The app helps overcome a longstanding problem in the nursing industry, said CGH nursing informatics deputy director Wong Kok Cheong.

"I joined nursing some 22 years ago, and the language barrier issue has not gone away," he said. "It could become worse with a younger generation of nurses."

About half of the nurses at CGH are under 35, and few speak dialect. The hospital says that, every day, two in five nurses call on a colleague to help them with translation.

iCOM is the brainchild of nine CGH nurses who developed it with the help of Integrated Health Information Systems and a $10,000 grant from the Eastern Health Alliance's Centre for Innovation.

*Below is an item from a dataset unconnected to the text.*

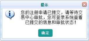 (三 ) 注冊信息提交后由交易中心進行審批, 審批通過后將生效納入交易平臺市場主體 , 注冊信息必須與提交的紙質版材料一致,否則將無法通過審批。
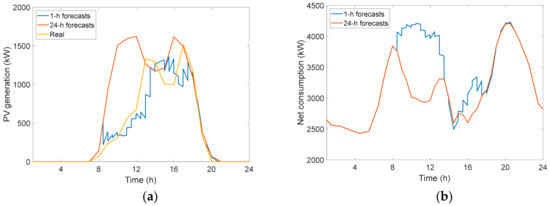 In the case of forecasting hourly PV generation, several machine learning methods were applied and compared, searching for the most accurate. Specifically, linear regression, neural networks, random forest, gradient boosting, and support vector regression models were developed and tuned choosing the optimal values for their parameters by means of genetic algorithms. Unlike hourly load forecasting, the goodness-of-fit measures of the predicted PV curves showed lower accuracy. Regarding the clustering method applied to the PV curves, the dynamic time warping distance [30] and average linkage were selected for the classification stage.

It is believed to be the first smartphone app for hospitals to feature a local dialect.

Currently, it is available only in Cantonese and on Android, but there are plans to expand it to include Hokkien, Hakka and Hainanese as well as Malay, and to add 300 phrases. CGH plans to develop an iPhone version as well.

iCOM will be available for all CGH nurses from Nurses Day, which falls on Aug 1 here.

Madam Kan Wan Sin, 83, who speaks mainly Cantonese, says the app is a godsend when she visits the hospital. "At least now I understand missy (the nurse)."